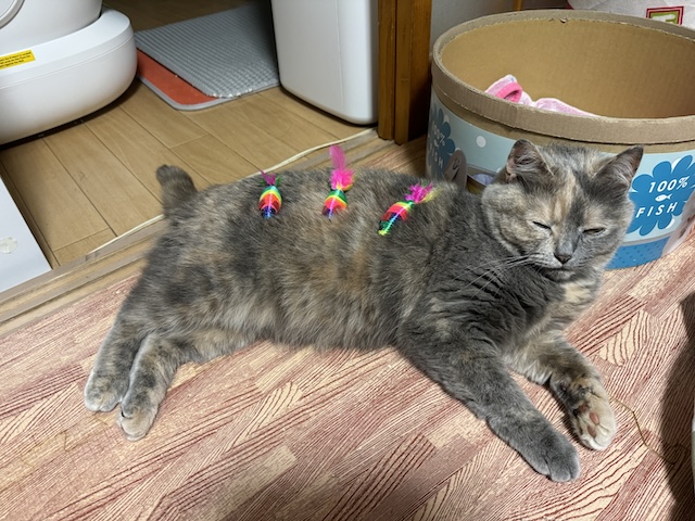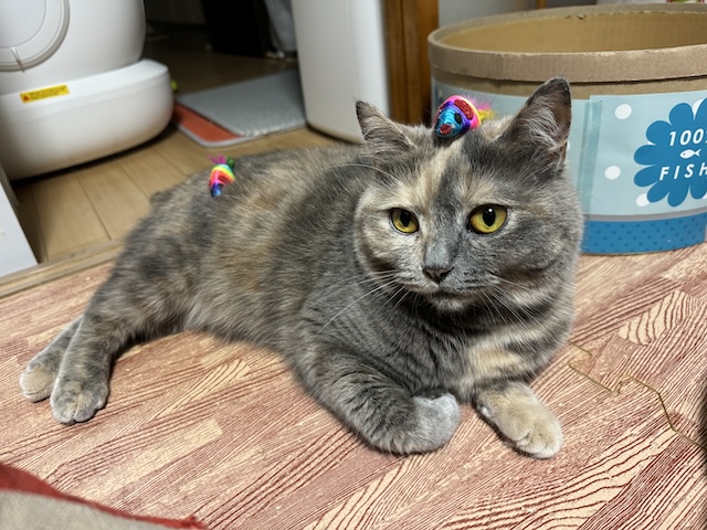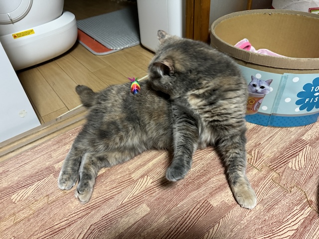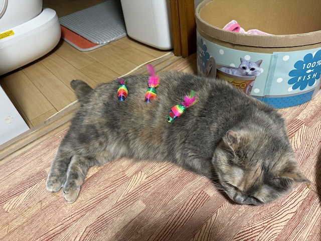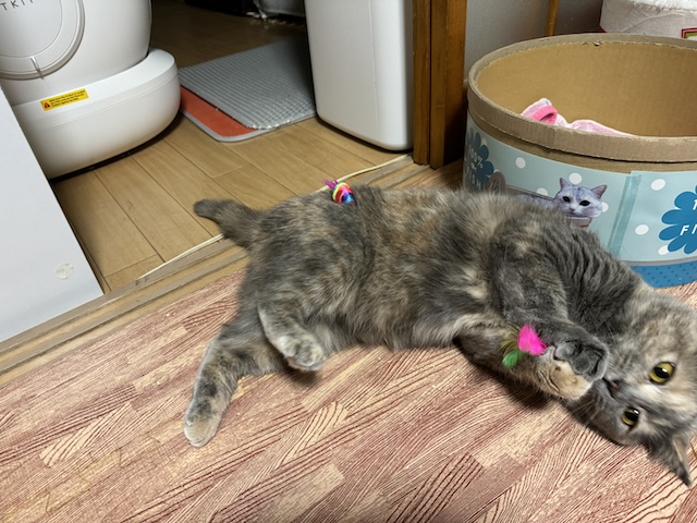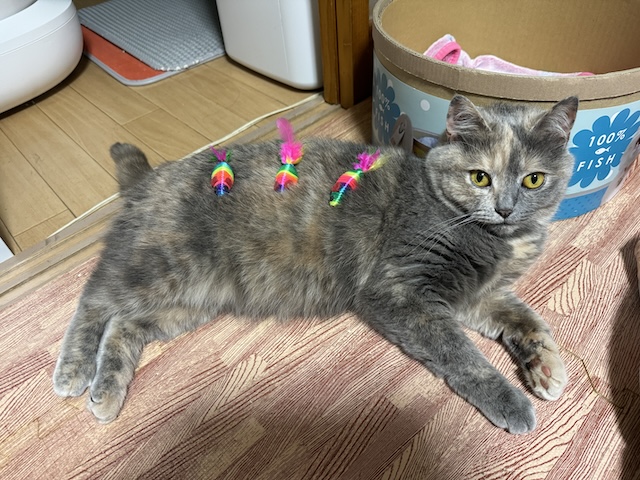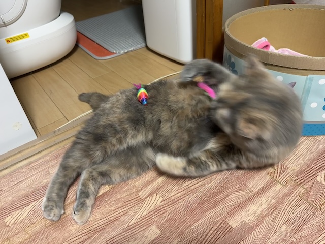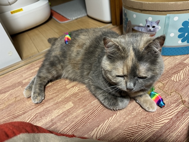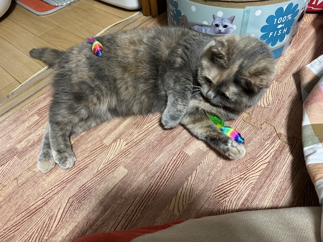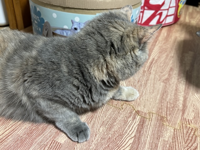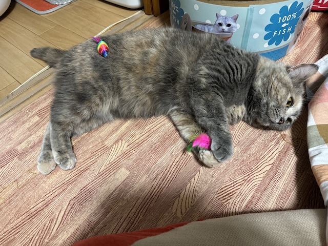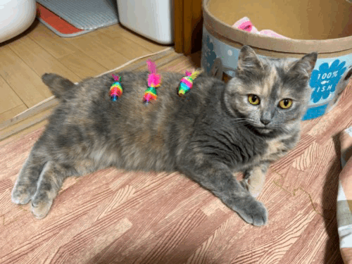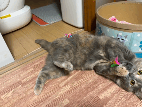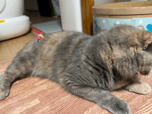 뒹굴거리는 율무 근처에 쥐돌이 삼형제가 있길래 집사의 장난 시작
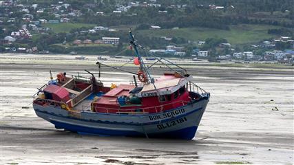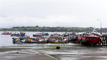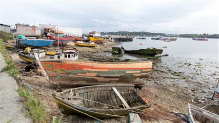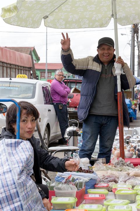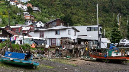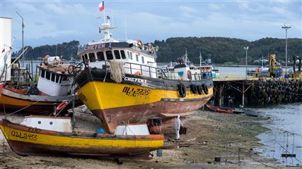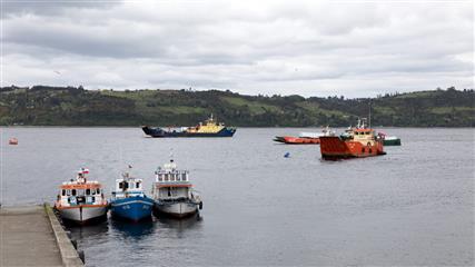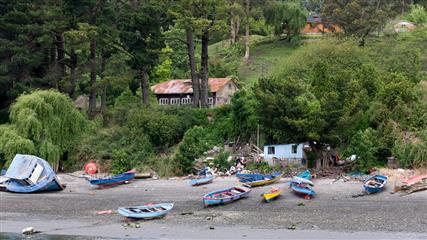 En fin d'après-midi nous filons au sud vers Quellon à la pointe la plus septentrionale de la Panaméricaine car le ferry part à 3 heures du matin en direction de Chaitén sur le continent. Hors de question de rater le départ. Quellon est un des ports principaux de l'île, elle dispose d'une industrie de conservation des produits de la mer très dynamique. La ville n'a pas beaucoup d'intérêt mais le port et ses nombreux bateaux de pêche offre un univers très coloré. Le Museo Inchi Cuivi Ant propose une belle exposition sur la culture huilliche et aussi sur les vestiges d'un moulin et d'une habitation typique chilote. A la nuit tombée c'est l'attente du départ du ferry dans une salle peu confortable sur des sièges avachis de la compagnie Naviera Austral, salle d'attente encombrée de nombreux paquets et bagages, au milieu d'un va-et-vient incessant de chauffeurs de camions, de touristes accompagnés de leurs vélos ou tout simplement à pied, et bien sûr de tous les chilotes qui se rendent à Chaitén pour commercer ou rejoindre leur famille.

——————————

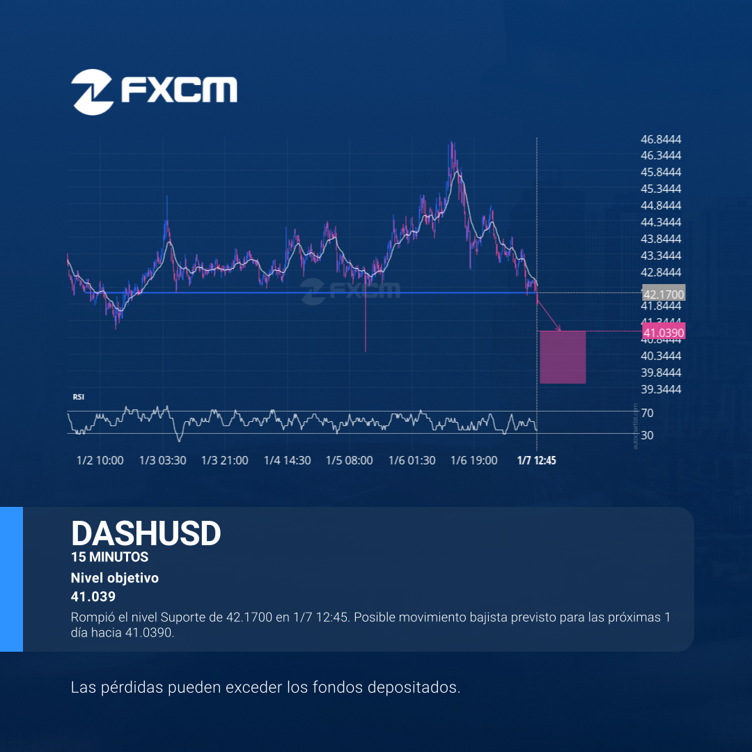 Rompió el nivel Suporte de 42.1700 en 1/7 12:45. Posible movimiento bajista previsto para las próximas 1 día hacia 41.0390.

——————————

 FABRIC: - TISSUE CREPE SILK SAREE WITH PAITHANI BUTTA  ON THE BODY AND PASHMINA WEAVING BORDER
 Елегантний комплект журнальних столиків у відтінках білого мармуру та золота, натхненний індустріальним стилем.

——————————

- _TASK STATEMENT_
Nothing except the lines from the one containing "뒹굴거리는 율무 근처에 쥐돌이 삼형제가 있길래 집사의 장난 시작" through the one containing "En fin d'après-midi" should appear in the answer, exactly as above and without pictures.

- _ANSWER AREA_
 뒹굴거리는 율무 근처에 쥐돌이 삼형제가 있길래 집사의 장난 시작
 En fin d'après-midi nous filons au sud vers Quellon à la pointe la plus septentrionale de la Panaméricaine car le ferry part à 3 heures du matin en direction de Chaitén sur le continent. Hors de question de rater le départ. Quellon est un des ports principaux de l'île, elle dispose d'une industrie de conservation des produits de la mer très dynamique. La ville n'a pas beaucoup d'intérêt mais le port et ses nombreux bateaux de pêche offre un univers très coloré. Le Museo Inchi Cuivi Ant propose une belle exposition sur la culture huilliche et aussi sur les vestiges d'un moulin et d'une habitation typique chilote. A la nuit tombée c'est l'attente du départ du ferry dans une salle peu confortable sur des sièges avachis de la compagnie Naviera Austral, salle d'attente encombrée de nombreux paquets et bagages, au milieu d'un va-et-vient incessant de chauffeurs de camions, de touristes accompagnés de leurs vélos ou tout simplement à pied, et bien sûr de tous les chilotes qui se rendent à Chaitén pour commercer ou rejoindre leur famille.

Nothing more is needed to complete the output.